Copy task, pictures excluded: set down exactly the lines from the one containing "旧端末のバックアップが完了したので、新端末を初期化する。" to the end of the data below.

• _Exercise data_
----------

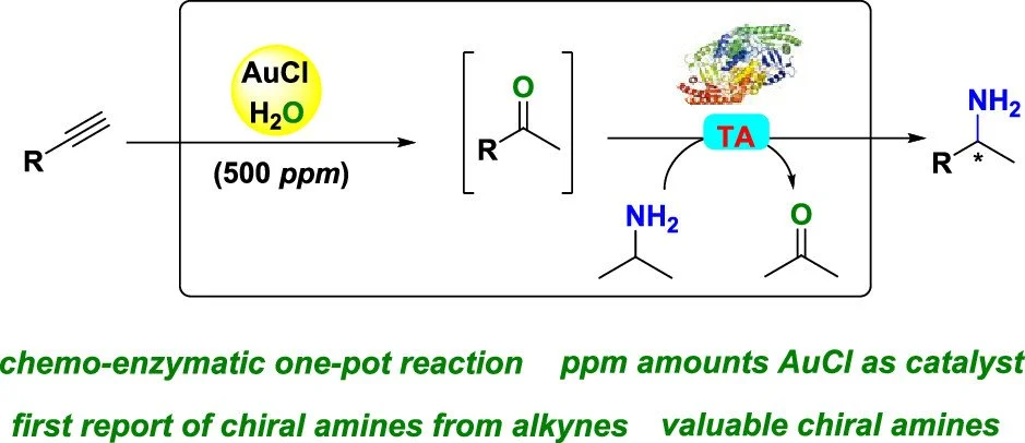 A one-pot chemoenzymatic sequential cascade for the synthesis of chiral amines from alkynes was developed. In this integrated approach, just ppm amounts of gold catalysts enabled the conversion of alkynes to ketones (>99%) after which a transaminase was used to catalyze the production of biologically valuable chiral amines in a good yield (up to 99%) and enantiomeric excess (>99%). A preparative scale synthesis of (S)-methylbenzylamine and (S)-4-methoxy-methylbenzylamine from its alkyne form gave a yield of 59 and 92%, respectively, with ee > 99%
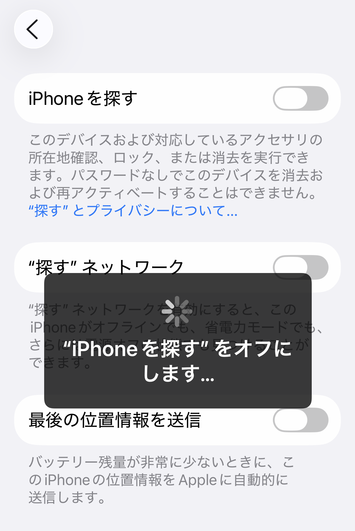 旧端末のバックアップが完了したので、新端末を初期化する。
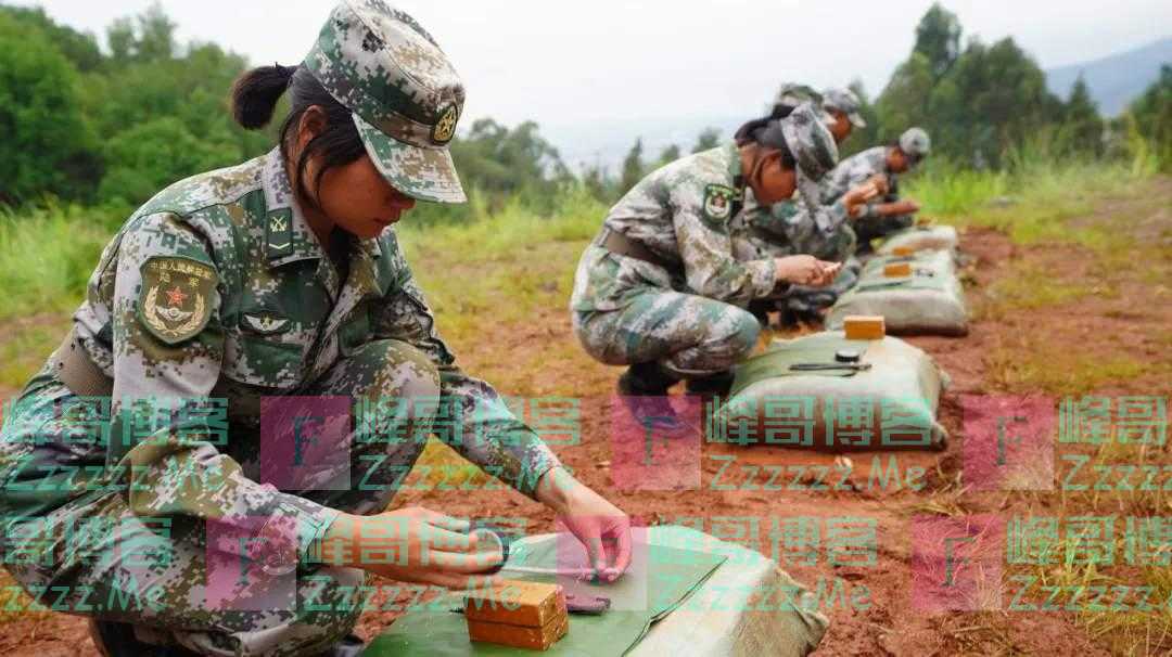 为了练习扫雷操作时的稳定性,这些不服输的女兵们把弹壳放在探雷器上,还在休息时候集体加练“举砖头”。
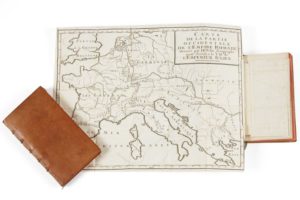 Ouvrage contenant un frontispice par J. Chereau et deux cartes dépliantes représentant les parties orientales et occidentales de l'Empire Romain dressées par I. B. Nolin Géographe >Ex-libris manuscrit de François Batard avec son cachet rouge au dos de la page de titre.

----------

• _Exercise answer_
 旧端末のバックアップが完了したので、新端末を初期化する。
 为了练习扫雷操作时的稳定性,这些不服输的女兵们把弹壳放在探雷器上,还在休息时候集体加练“举砖头”。
 Ouvrage contenant un frontispice par J. Chereau et deux cartes dépliantes représentant les parties orientales et occidentales de l'Empire Romain dressées par I. B. Nolin Géographe >Ex-libris manuscrit de François Batard avec son cachet rouge au dos de la page de titre.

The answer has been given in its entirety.